In mreg/api/permissions.py we have the following construct:

    def has_destroy_permission(self, request, view, validated_serializer):
        import mreg.api.v1.views

        if user_is_superuser(request.user):
            return True
        obj = view.get_object()
        if isinstance(view, mreg.api.v1.views.HostDetail):
            pass
        elif hasattr(obj, 'host'):
            obj = obj.host
        else:
            raise exceptions.PermissionDenied(f"Unhandled view: {view}")
        if _deny_superuser_only_names(name=obj.name, view=view, request=request):
            return False
        if hasattr(obj, 'ipaddress'):
            if _deny_reserved_ipaddress(obj.ipaddress, request):
                return False
        if user_is_adminuser(request.user):
            return True
        return self.has_obj_perm(request.user, obj)

Note particularly the branch if hasattr(obj, 'ipaddress'). This is weird. First off, we check if the view is HostDetail (thus, obj is a Host), and if not we set the object to be obj.host. Ie, obj will always be a Host. But, Hosts do not have an ipaddress field. What they do have is a related_name, ip_addresses from the Ipaddress model: https://github.com/unioslo/mreg/blob/master/mreg/models.py#L398

This leads me to wonder what the logic is supposed to be here. Are we supposed to deny deletion of the object if the host is using any addresses that are reserved?
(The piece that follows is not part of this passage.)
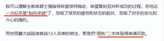 名嘴蘇群怒批郭士強固執(zhí),不懂得調(diào)整和變通,“同一張卷子,第一遍做的一塌糊涂,結(jié)果第二遍更加一塌糊涂,這確實沒想到的,而且第一遍做得文不對題,第二遍用同樣的方式繼續(xù)文不對題,思路沒有極端調(diào)整,確實不可思議,匪夷所思,沒法理喻”。麥穗豐噴道:世預賽次戰(zhàn)延續(xù)首戰(zhàn)12人名單的做法,更是把“固執(zhí)”二字體現(xiàn)得淋漓盡致。

If so, we want:

        if hasattr(obj, 'ipaddresses'):
            for ip in obj.ipaddresses:
                if _deny_reserved_ipaddress(ip.ipaddress, request):
                    return False

And we could then test this as such in api/v1/tests/tests_permission.py in the class class NetGroupRegexPermissionTestCaseAsAdmin(NetGroupRegexPermissionTestCase). Testing in TestIsGrantedNetGroupRegexPermission will give us a 204 due to the overall access given to superusers in the has_destroy_permission itself.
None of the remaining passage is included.